El creador original de la empresa, la start up de IA Butterfly Effect, se fundó en China en 2022. El año pasado, Butterfly Effect trasladó su sede y su equipo principal a Singapur tras una ronda de financiación liderada por la destacada firma estadounidense de capital riesgo Benchmark Capital.
En cuestión de meses, Meta adquirió la aplicación de IA, dentro de los costosos esfuerzos de la empresa matriz de Instagram y WhatsApp por alcanzar a OpenAI y Google en el campo de la IA. La operación de 2.000 millones de dólares se anunció en diciembre, y se cerró a principios de este año.
La entrada actual de lo que se describe como "Manus de Meta" en la App Store de Apple sigue indicando que la entidad singapurense Butterfly Effect es la desarrolladora del software.
Según informó Financial Times este mes, varios reguladores chinos han revisado la transacción, entre ellos la NDRC, el Ministerio de Comercio y el regulador antimonopolio chino.
Pekín calificó previamente la adquisición como un intento "conspirativo" de debilitar la base tecnológica del país.
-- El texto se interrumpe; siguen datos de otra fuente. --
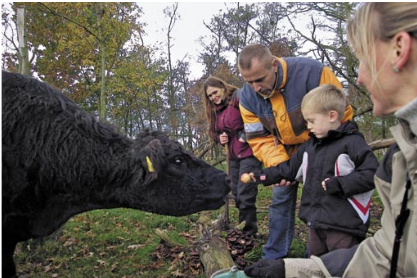
Hele familien kan deltage i pasningen af foreningens dyr.

Pasningen af dyrene er den største opgave, man har som kogræssermedlem både i tid og vigtighed. Samtidig er det en opgave, som giver medlemmer af kogræsserforeninger store oplevelser og mening. Det er også det arbejde, der gør en forskel. Netop byrden med tilsyn betyder nemlig, at små naturarealer er for dyre i drift til, at de er interessante for landmændene.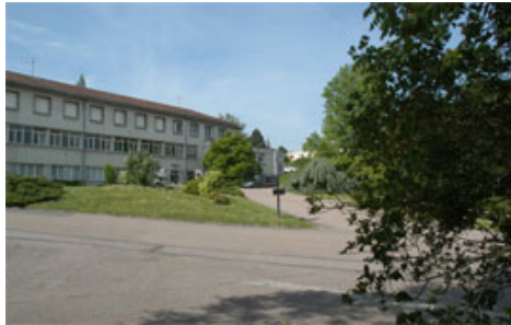
Centre pour enfants Flavigny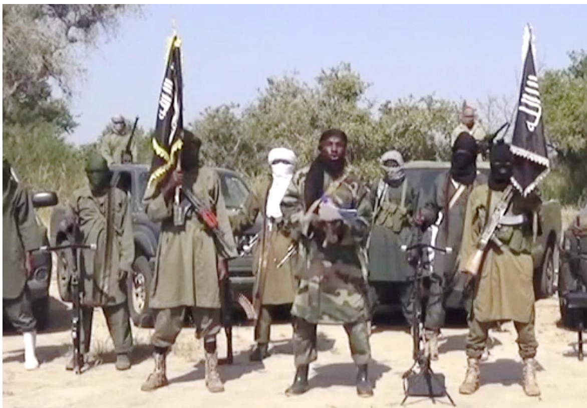
Integrantes del grupo terrorista Boko Haram en un video difundido por esa organización.

La organización fundamentalista Boko Haram, es sin duda la más letal de las que operan en África. El 23 de marzo, en solo dos acciones, separadas unos 500 kilómetros de distancia una de la otra, eliminó a 139 soldados de los ejércitos del Chad y de Nigeria, en una nueva demostración de su capacidad militar, frente a las acciones cada vez más lavadas de la fuerza multinacional que combate a esta insurgencia, la que desde el 2009 no deja de dar golpes rodeados de la estruendosa espectacularidad a la que es tan adepto su mesiánico líder Abubakr Shekau. Desde entonces ya son cerca de 50 mil los muertos, y casi dos millones los desplazados, mientras que otros ocho millones necesitan ayuda humanitaria, en el noreste de Nigeria, por acciones del grupo insurgente.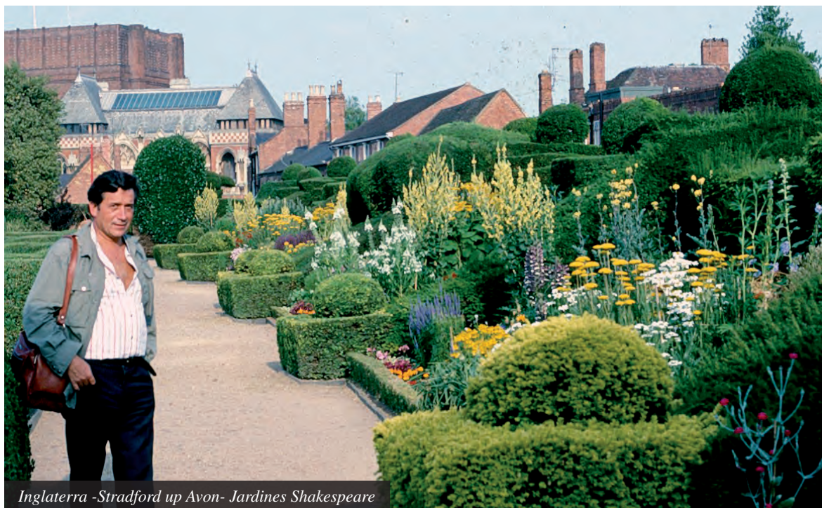
Inglaterra -Stradford up Avon- Jardines Shakespeare

Políticos, técnicos y ciudadanos deben colaborar en la protección y mantenimiento de los árboles heredados y en la planificación de las nuevas plantaciones.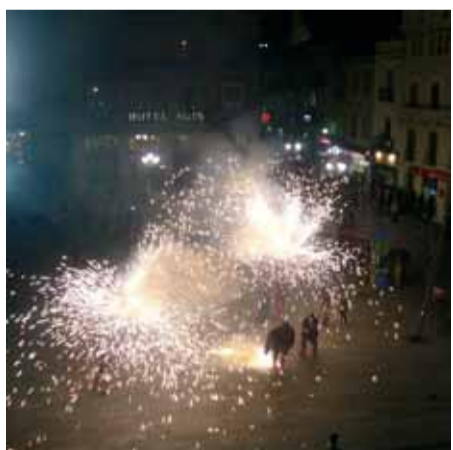
Els Diables amb el popular enterrament de la sardina van posar el punt i final al Carnaval.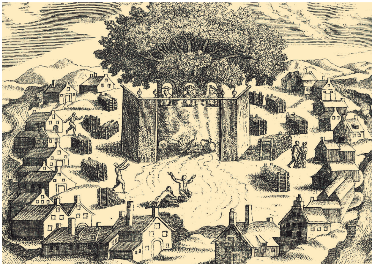
▲ Изображение прусского святилища Ромове в книге К. Харткноха «Старая и новая Пруссия», 1684 год

ли в состав прусских дружин. На северной окраине нынешнего Гурьевска археологи обнаружили захоронение знатного воина с двумя соратниками в виде каменной ладьи, что характерно для Южной Скандинавии.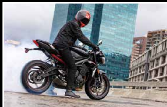
La Street Triple séduit les jeunes permis A2. A découvrir aussi la nouvelle Street Triple RS, pour les confirmés.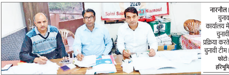
नारनौल। चुनाव कार्यालय में चुनावी प्रक्रिया करते चुनावी टीम।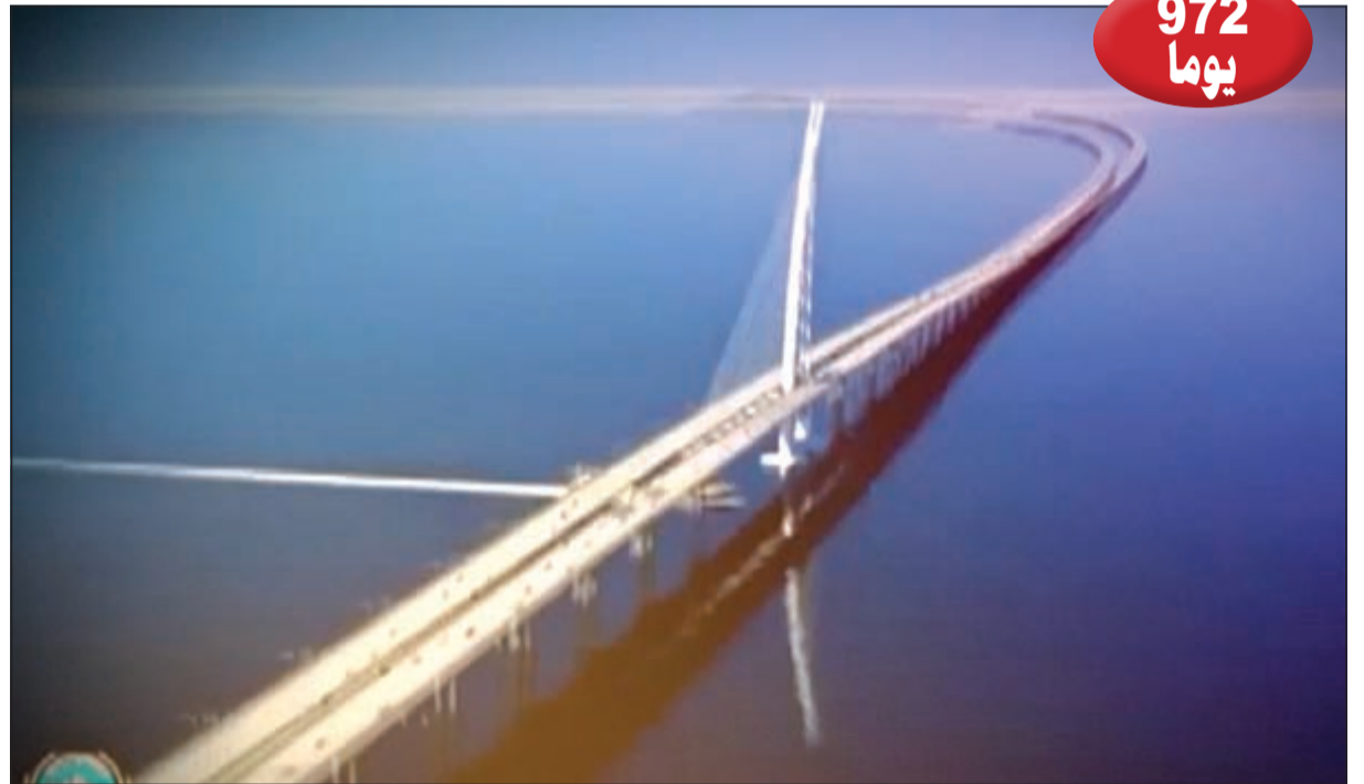
حتى إنجاز جسر الشيخ جابر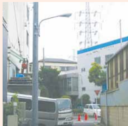
▲松江に新しく街路灯が設置されました。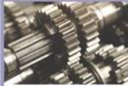
High quality material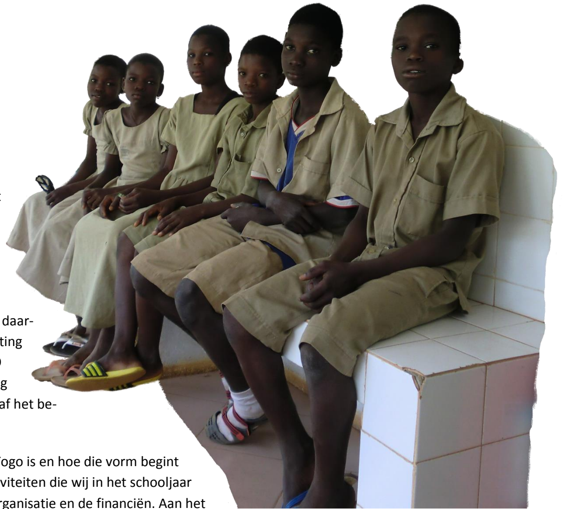
Kinderen wachten tot ze onderzocht worden (Sotouboua)

In dit jaarverslag leggen wij allereerst uit wat onze missie in Togo is en hoe die vorm begint te krijgen in het land. Vervolgens doen wij verslag van de activiteiten die wij in het schooljaar 2013-2014 hebben ondernomen. Tot slot gaan wij in op de organisatie en de financiën. Aan het eind volgt nog een aantal bijlagen met specifieke gegevens waaronder de verkorte jaarrekening.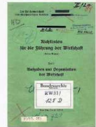
План «Ольденбург», 1941 год.

22 июня. Война на уничтожение. Ключевые точки исторической памяти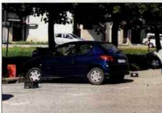
Gajbice na skupnem parkirišču pred bloki na Škofjeloški ulici v Medvodah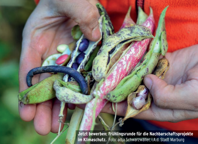
Jetzt bewerben: Frühlingsrunde für die Nachbarschaftsprojekte im Klimaschutz.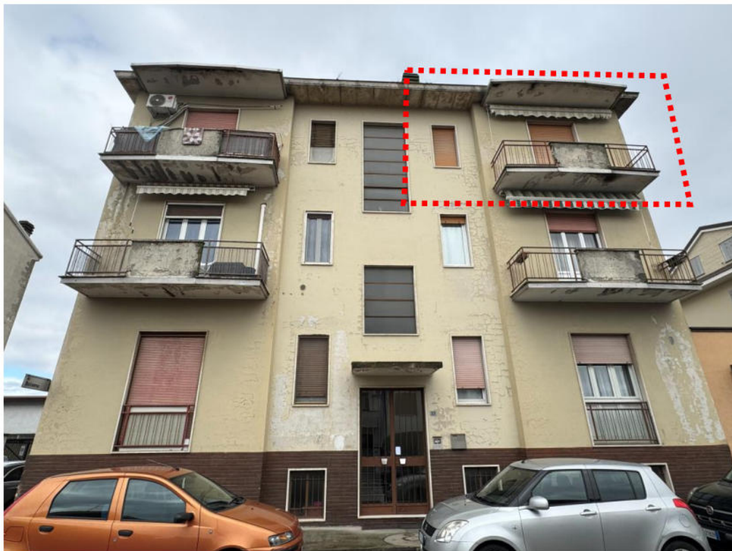
Foto 1. Fabbricato di cui fa parte l'immobile oggetto di stima vista sud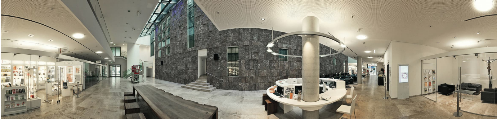
Kath. Stadtdekanat Stuttgart

Analyse Liegenschaften, Untersuchung Entwicklungsvarianten, städtebauliche Konzepte, Wirtschaftlichkeitsanalyse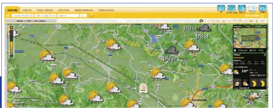
Figura 6 - Previsioni meteorologiche per singoli comuni

La copertura territoriale è in costante aumento e attualmente comprende più di 100 città, con una base dati di circa 15 TB. Uno degli sforzi maggiori in questa attività è la geocodifica di tutte le foto, senza la quale avremmo una quantità enorme di materiale del tutto inutile, perchè sarebbe impossibile associare ad una foto un luogo reale o un indirizzo specifico. Grazie a questa immensa base dati sarà possibile non solo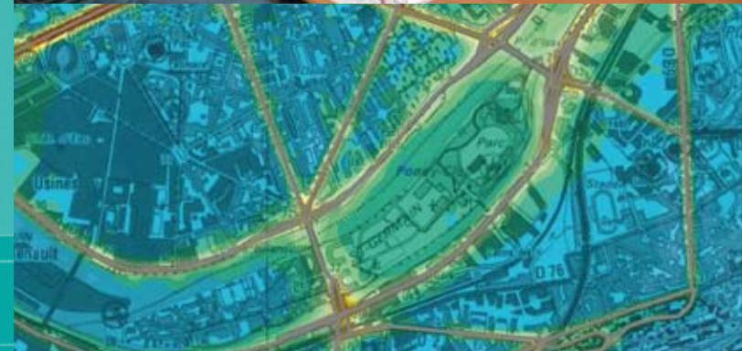
Photo du bas, Etude Air et Santé Voie Rive Gauche de Seine entre le Pont de Sèvres et le Boulevard Périphérique – Conseil Général des Hauts-de-Seine

Según fuentes cercanas al asunto, los funcionarios han examinado el acuerdo utilizando diversas herramientas, desde las normas de control de exportaciones hasta las leyes de inversión extranjera y competencia.
En marzo, Pekín impidió que dos cofundadores de Manus salieran del país mientras se revisaba el acuerdo.
Manus se describe a sí misma como un "motor de acción" capaz de "ampliar tu alcance humano". Debutó en marzo de 2025, apenas dos meses después de que el lanzamiento por parte de DeepSeek de un potente modelo de código abierto con capacidad de "razonamiento" provocara el pánico entre los inversores tecnológicos estadounidenses ante los avances de la IA china.
La aplicación Manus fue una de las precursoras de OpenClaw, que ha revolucionado Silicon Valley y China este año. Ambas van más allá de productos como ChatGPT de OpenAI, que se centra principalmente en procesar información y responder preguntas.
La adquisición de Manus representa la segunda gran operación en la que interviene Pekín, tras la venta por parte de CK Hutchison de 43 puertos globales, que originalmente incluía dos en Panamá, a un consorcio respaldado por BlackRock.
En ese caso, las autoridades presionaron para que la parte compradora también incluyera a un grupo chino, aunque esa operación aún no se ha cerrado.